Читаем История Франции полностью

Однако призыв избранных депутатов-республиканцев к оружию взывал к защите Конституции, а не Национального собрания, утратившего популярность с тех пор, как оно ликвидировало всеобщее избирательное право. Герцог де Морни и генерал Сент-Арно решили позволить парижанам спокойно сооружать баррикады, чтобы затем дать им «хороший урок». Однако в первый же день вспыхнул инцидент, когда неожиданным залпом был убит депутат Боден. Этот эпизод стал известен благодаря свидетельству депутата Виктора Шельшера, человека, отменившего рабство. «Буквально накануне, — сообщил он, — какой-то рабочий будто бы сказал Бодену: “Вы что, думаете, мы сейчас подставим головы под пули, ради того чтобы вы по-прежнему получали 25 франков в день?” А тот ему ответил: “Сейчас вы увидите, как умирают за 25 франков в день”. И пуля сразила его. А затем, когда началось восстание на баррикадах, были убиты триста восемьдесят человек, из них двадцать семь — солдаты, а остальные в большинстве своем рабочие»[130].

Республиканское восстание еще активнее развертывалось в провинции, особенно в маленьких городах на юго-востоке и юго-западе, в сельской местности, но это не были крестьянские бунты, «Жакерия», как утверждала бонапартистская пропаганда: большинство из 26 800 арестованных были ремесленниками и лицами свободных профессий… Десять тысяч французов были сосланы прежде всего в Алжир или Кайенну[131]; более двух тысяч восьмисот — интернированы. Виктор Гюго и Виктор Шельшер, заклеймив государственный переворот, удалились в изгнание.

«Партия порядка», обезглавленная в Париже парламентским переворотом, тем не менее поддержала его в провинции из страха перед социальным взрывом. «Голосовать за Наполеона — не значит одобрять то, что он сделал, это означает выбрать между ним и полной катастрофой Франции», — говорил публицист Монталамбер. «Голосовать против него, — добавлял он, — значит согласиться с социалистической революцией. Это значит призвать диктатуру красных, с тем чтобы она заменила диктатуру принца, который за последние три года оказал несравненные услуги делу порядка».

Во время плебисцита, проведенного 24–31 декабря, 7 439 216 голосов были отданы «за», 646 737 — «против», 36 880 оказались «недействительными». За границей были высказаны сомнения относительно честности подсчетов; последующая проверка протоколов, сданных в архивы, показала следующие результаты: 7 145 393 — «за», 592 609 — «против».

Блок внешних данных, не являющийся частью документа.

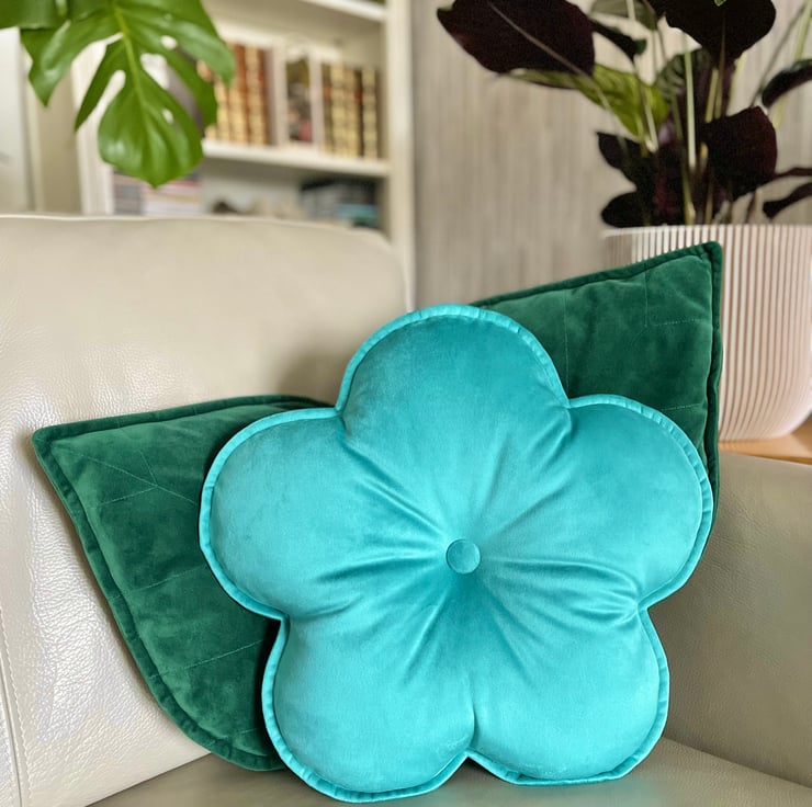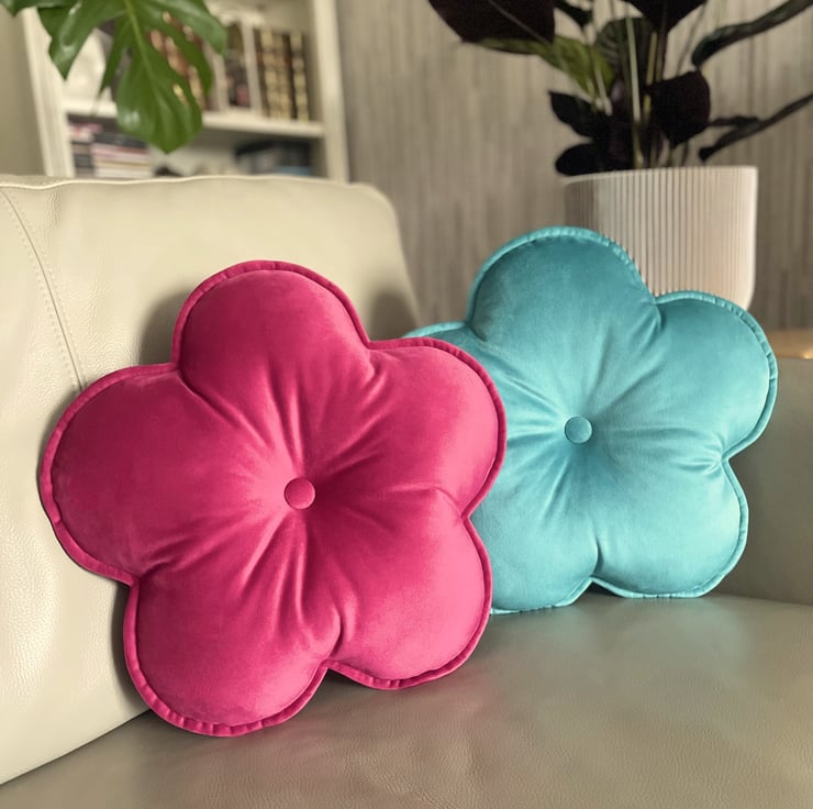 Brighten up your room with this cute turquoise blue flower-shaped cushion.

Согласно республиканской традиции, принято обращать внимание в большей степени на репрессии, последовавшие за государственным переворотом, чем на количество жертв, к которым привела та же Республика в июне 1848 г., — а их было в три раза больше; или же на метод, которым республиканцы выхолостили результаты всеобщего голосования до того, как Луи Наполеон, в свою очередь, не преступил Конституцию.

Анализируя эти события, Огюст Конт, Алексис де Токвиль и Карл Маркс сделали совершенно разные выводы.

Конт радовался ликвидации парламентских институтов, учрежденных Хартией 1815 г. и отрегулированных в 1830 г. По его мнению, парламентаризм в Англии олицетворял победу аристократии и других классов над монархией. Но иначе обстояло дело во Франции, где уже в Средние века монархия соединилась с коммунами и буржуазией, дабы ограничить возможности аристократии. Практику сочетания парламентаризма и монархии Конт считал абсурдной. Следовательно, удовлетворительное решение состояло в том, чтобы ликвидировать парламентаризм, даже если страной управлял Наполеон III, ибо таким образом можно было положить конец «парламентскому идиотизму». Этот вывод следует из соображений человека, не желающего считаться противником демократии, заключает Раймон Арон. Отныне, считает Огюст Конт, бразды правления принимает экономическая система; значение имеет не представительство политических взглядов, а совокупность общественных и производственных сил. То, что происходит в парламенте, — дело второстепенное, если не ничтожное.